Output exactly the lines from the line that has "Stralende herfstboom bij" through the last line of the data below, with no pictures.

- - -

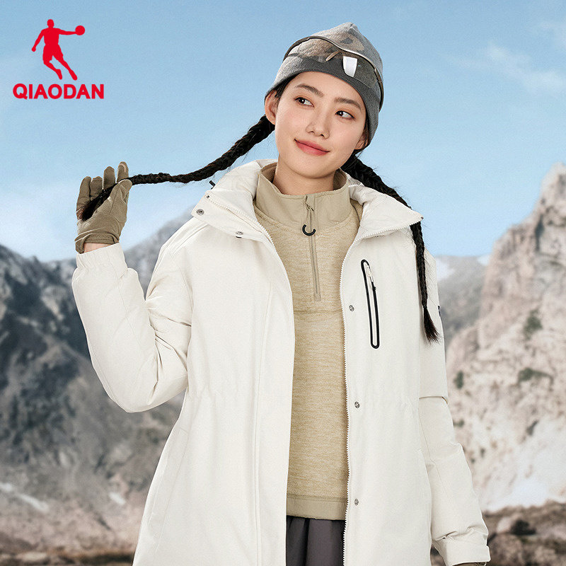 乔丹女款羽绒服中长款保暖收腰运动棉服2025冬季新款防泼水防寒服
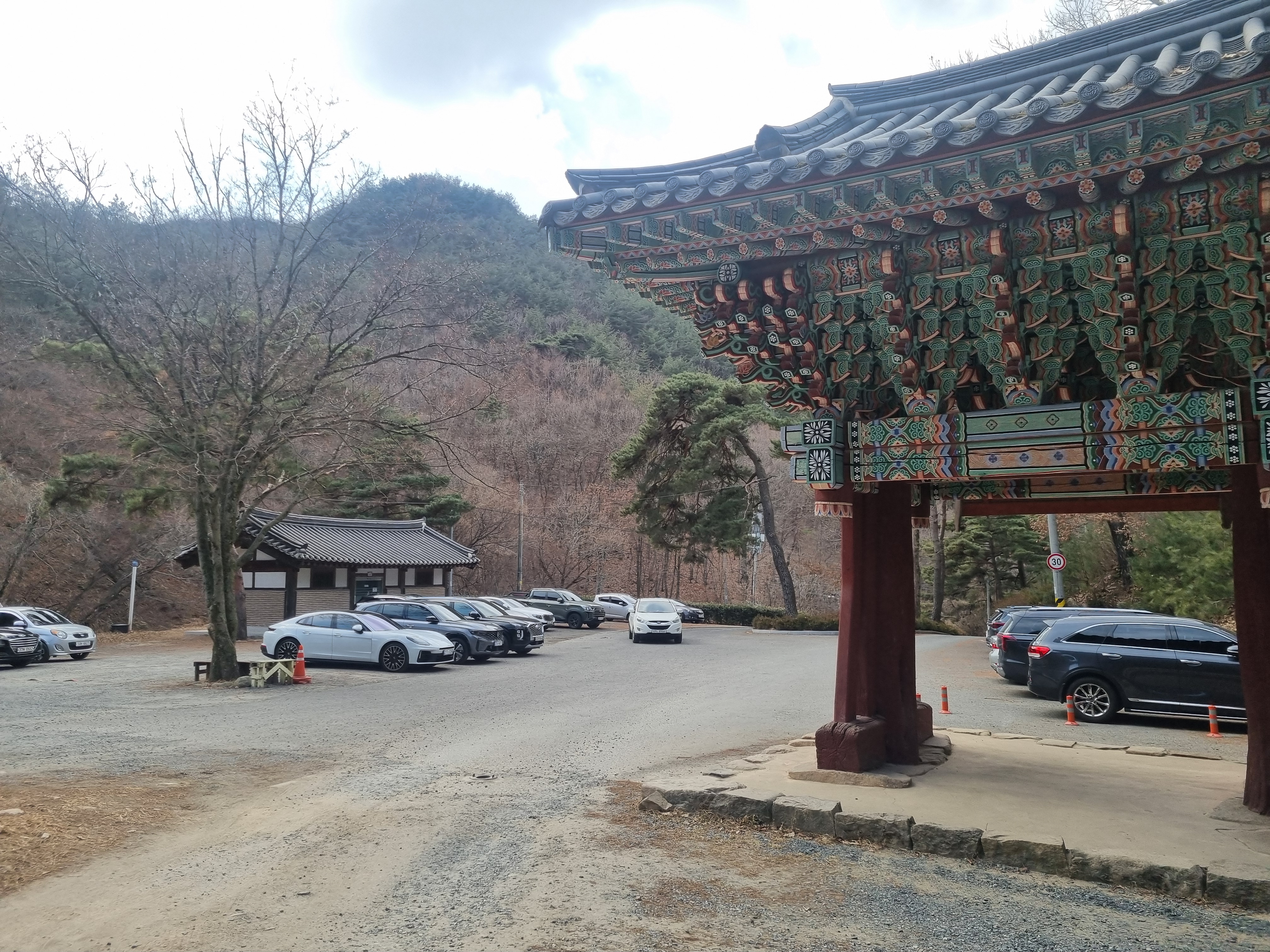 사찰 아래 공용화장실 주변 : 약 30대 정도의 주차 가능하며, 사찰 오는 포장도로 주변 군데군데 주차 가능 장소 있습니다.
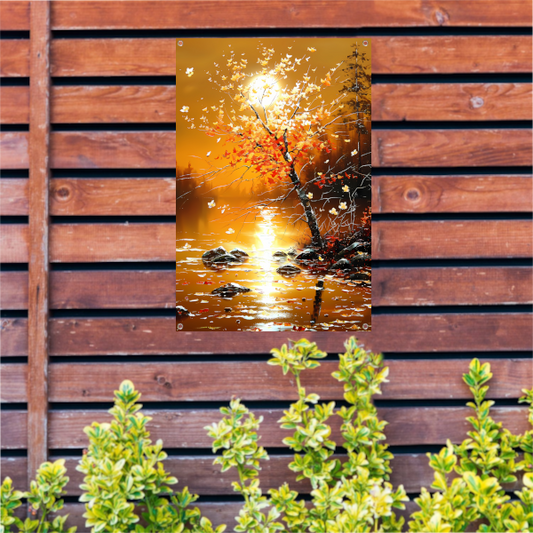 Stralende herfstboom bij zonsondergang met reflectie tuinposter
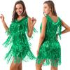 Vestito da ballo latino da donna con scollo a V, senza maniche, con nappe e paillettes scintillanti, per sala da ballo, samba, tango
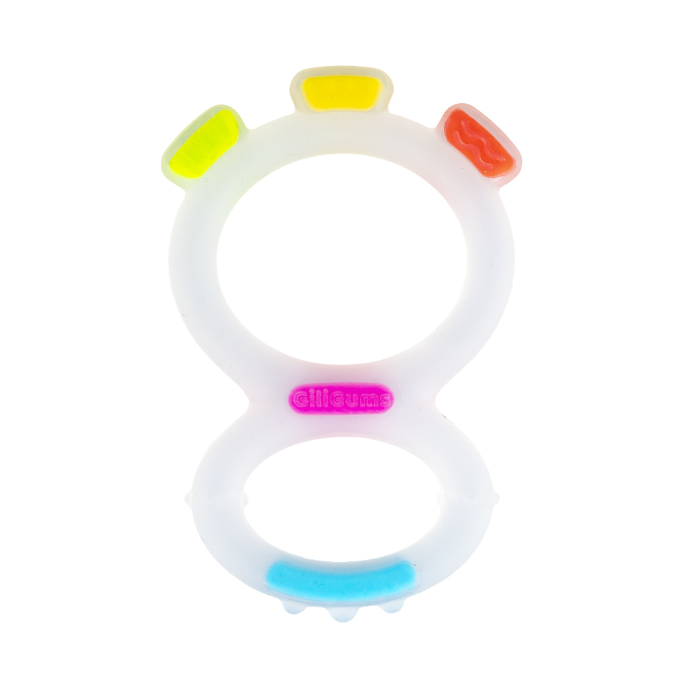 Dwa brzuszki ozdobione wypustkami przyniosą ulgę w ząbkowaniu! Ten zabawny gryzaczek wykonany został z silikonu, dzięki czemu bez trudu go wyczyścisz, aby zapewnić maluszkowi higienę, podczas korzystania z zabawki. Kształt Ósemki dopasowany jest do małych rączek, co ułatwi maluchowi chwytanie...
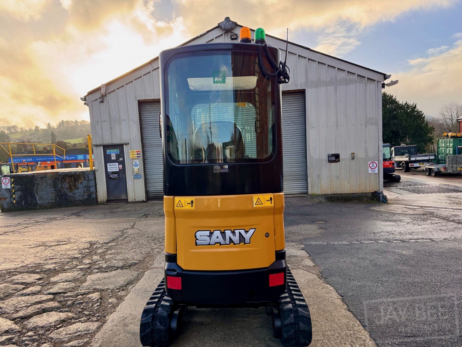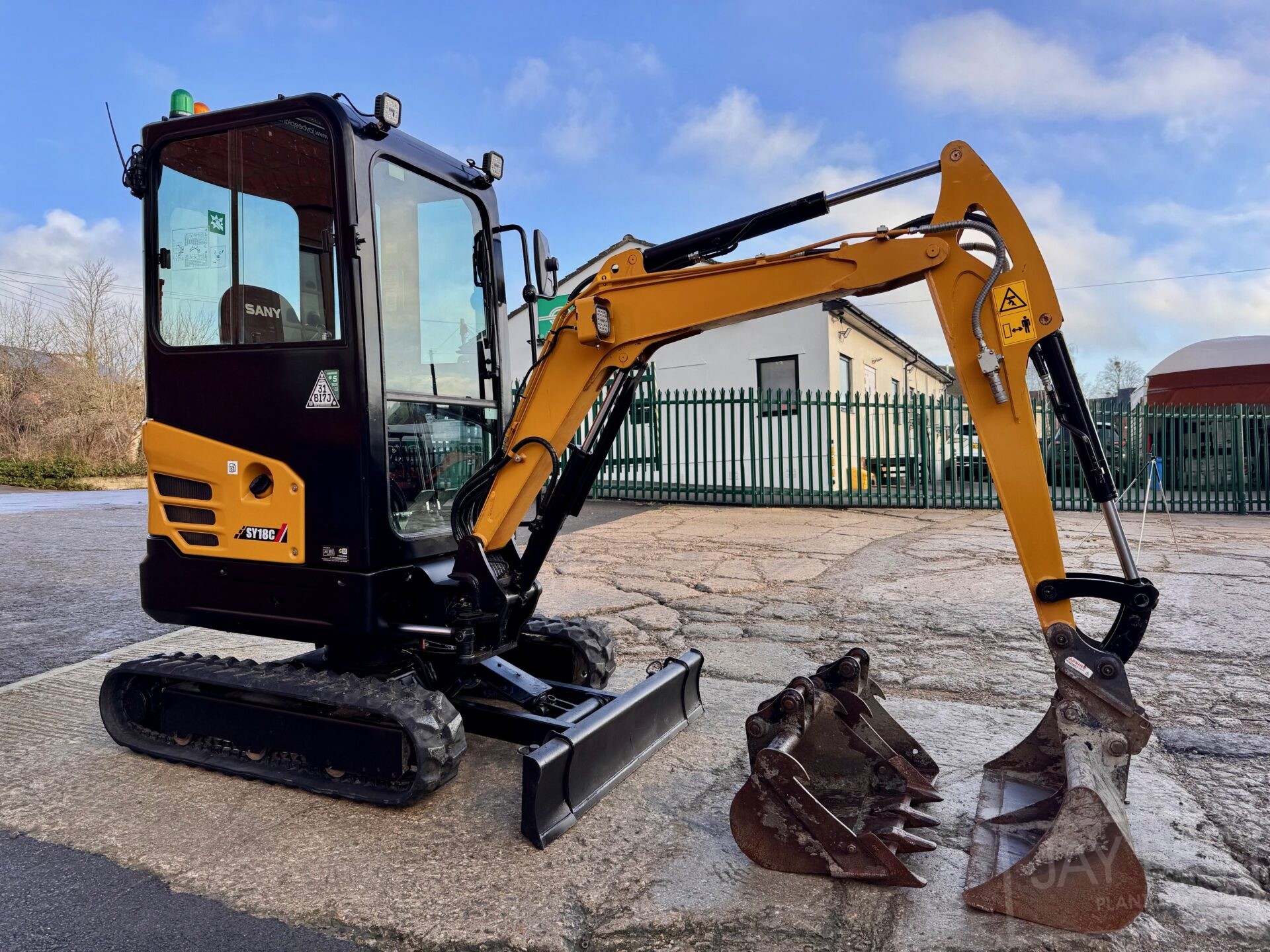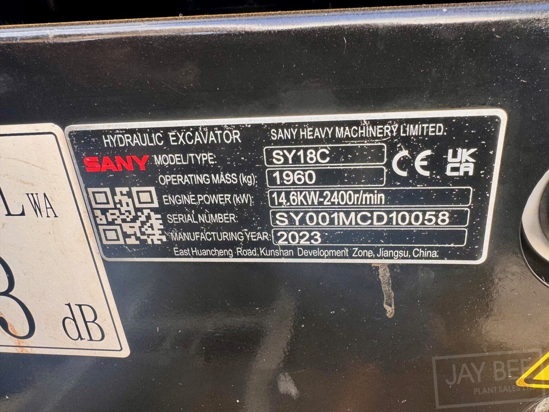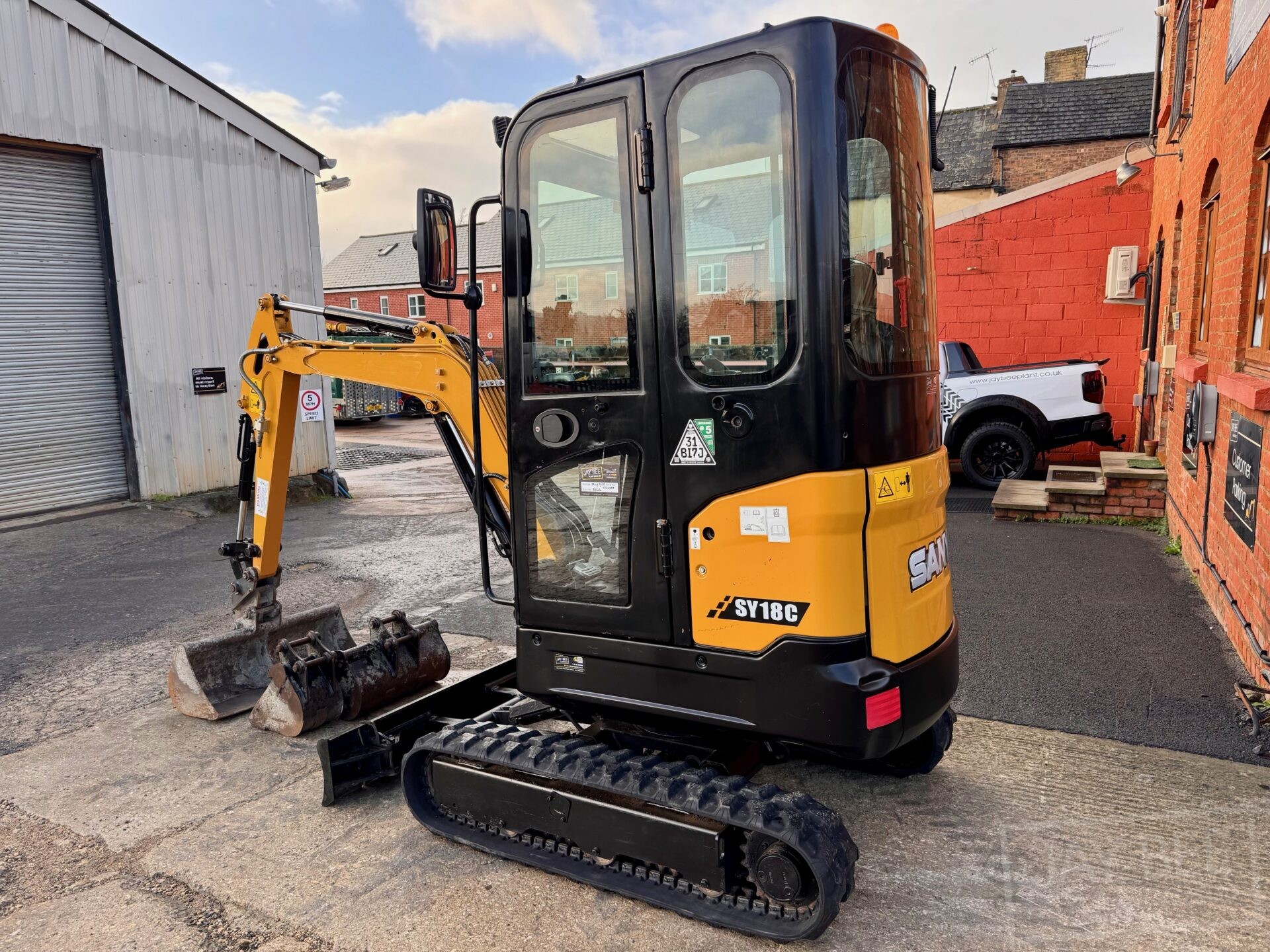 2023 Sany SY18C cabbed excavator with heater & radio, 2 speed tracking with travel alarm, expanding undercarriage, quick hitch & 3 buckets, green & orange beacons.

- - -

▶ _Solution_:
 Stralende herfstboom bij zonsondergang met reflectie tuinposter
 Vestito da ballo latino da donna con scollo a V, senza maniche, con nappe e paillettes scintillanti, per sala da ballo, samba, tango
 Dwa brzuszki ozdobione wypustkami przyniosą ulgę w ząbkowaniu! Ten zabawny gryzaczek wykonany został z silikonu, dzięki czemu bez trudu go wyczyścisz, aby zapewnić maluszkowi higienę, podczas korzystania z zabawki. Kształt Ósemki dopasowany jest do małych rączek, co ułatwi maluchowi chwytanie...
 2023 Sany SY18C cabbed excavator with heater & radio, 2 speed tracking with travel alarm, expanding undercarriage, quick hitch & 3 buckets, green & orange beacons.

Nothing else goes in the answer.